◆ **Data**:

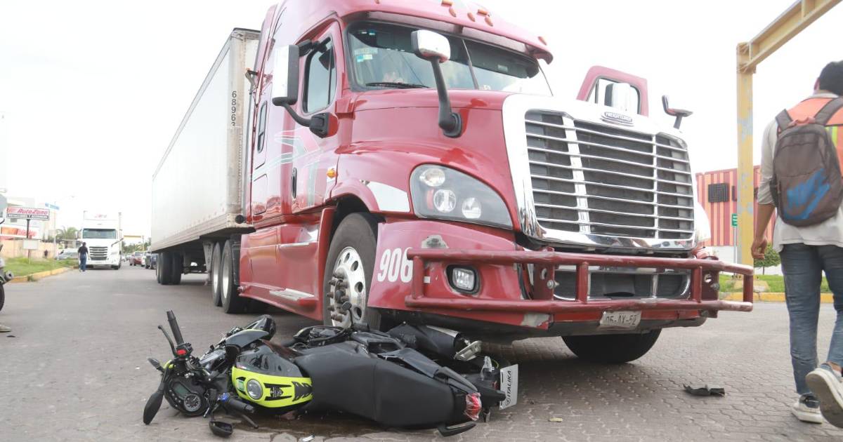 MAZATLÁN._ Dos motociclistas fueron embestidos por un tráiler cuando circulaban sobre la glorieta ubicada en el cruce del Delfín y la “Peche” Rice, en Mazatlán.
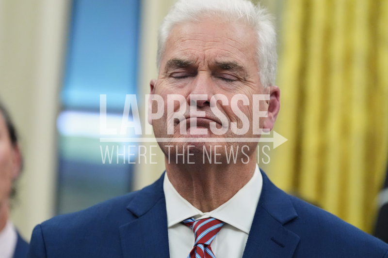Rep. Tom Emmer, R-Minn., listens to President Donald Trump speak during a bill signing ceremony Friday, Dec. 12, 2025, in the Oval Office of the White House in Washington. (AP Photo/Jacquelyn Martin)
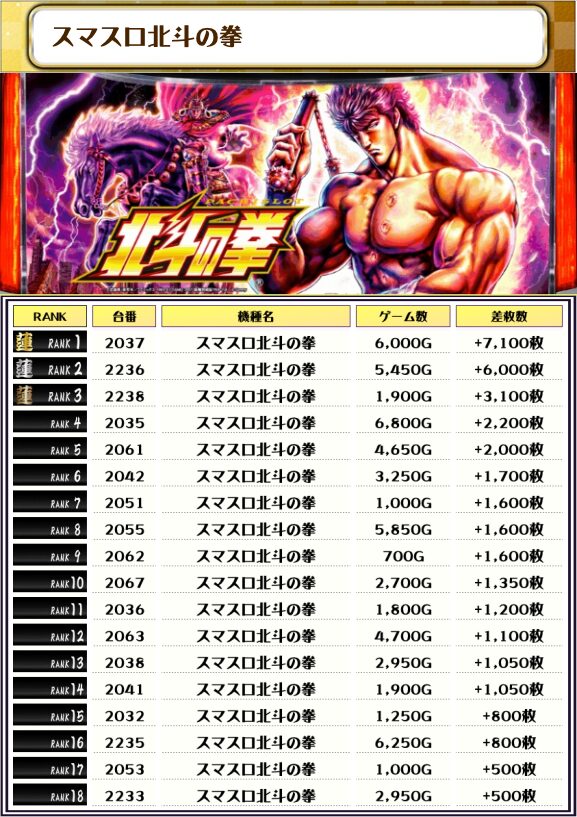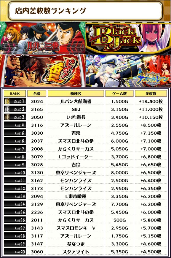 2位には【SBJ・3165番台】の+11,000枚、【いざ!番長・3050番台】の+10,150枚がランクインっ🏆🏆🏆🏆
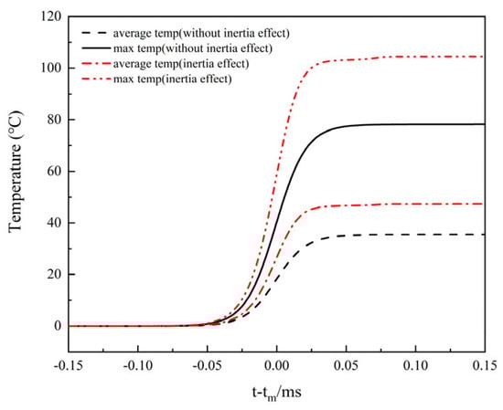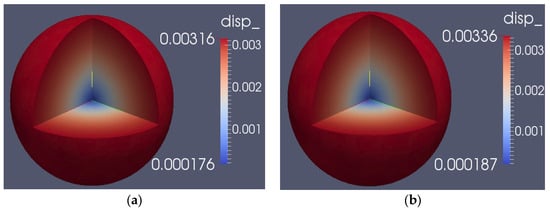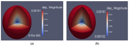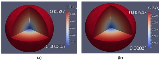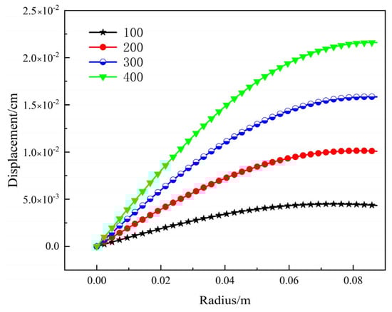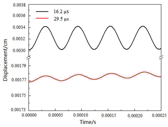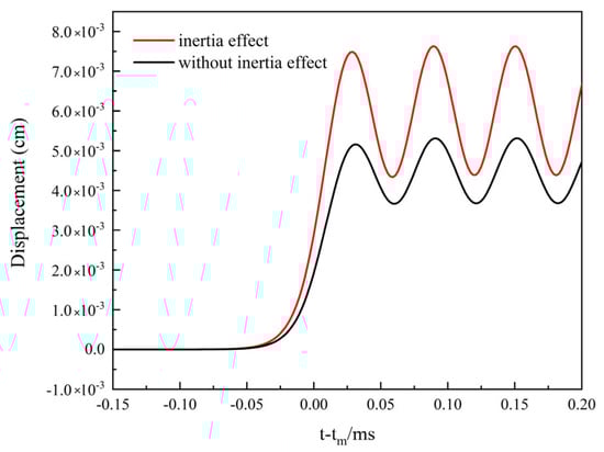The displacement distribution of the initial pulse period of 16.2 μs is shown in Figure 23. It is observed that the core displacement is minimum at the center and maximum at the surface, which is consistent with the previous calculations for the initial pulse period of 16.2 μs and 29.5 μs. On the other hand, Figure 24 demonstrates the variation of the outer surface displacement with time. The results indicate that the outer surface displacement exhibits an oscillatory variation over time. It is noteworthy that the maximum displacement is 5.32 × 10−3 cm when the inertial effect is not taken into account and 7.63 × 10−3 cm when it is considered. Consequently, the maximum displacement on the outer surface with the inertia effect is 1.43 times greater than without the inertia effect. Hence, it can be observed that the inclusion of the inertia effect leads to a substantially higher core displacement in comparison to when the inertia effect is not considered.

◆ **Task item**: I would like the material repeated in full and exactly, with its images omitted.

◆ **Expected answer**:
 MAZATLÁN._ Dos motociclistas fueron embestidos por un tráiler cuando circulaban sobre la glorieta ubicada en el cruce del Delfín y la “Peche” Rice, en Mazatlán.
Rep. Tom Emmer, R-Minn., listens to President Donald Trump speak during a bill signing ceremony Friday, Dec. 12, 2025, in the Oval Office of the White House in Washington. (AP Photo/Jacquelyn Martin)
 2位には【SBJ・3165番台】の+11,000枚、【いざ!番長・3050番台】の+10,150枚がランクインっ🏆🏆🏆🏆
The displacement distribution of the initial pulse period of 16.2 μs is shown in Figure 23. It is observed that the core displacement is minimum at the center and maximum at the surface, which is consistent with the previous calculations for the initial pulse period of 16.2 μs and 29.5 μs. On the other hand, Figure 24 demonstrates the variation of the outer surface displacement with time. The results indicate that the outer surface displacement exhibits an oscillatory variation over time. It is noteworthy that the maximum displacement is 5.32 × 10−3 cm when the inertial effect is not taken into account and 7.63 × 10−3 cm when it is considered. Consequently, the maximum displacement on the outer surface with the inertia effect is 1.43 times greater than without the inertia effect. Hence, it can be observed that the inclusion of the inertia effect leads to a substantially higher core displacement in comparison to when the inertia effect is not considered.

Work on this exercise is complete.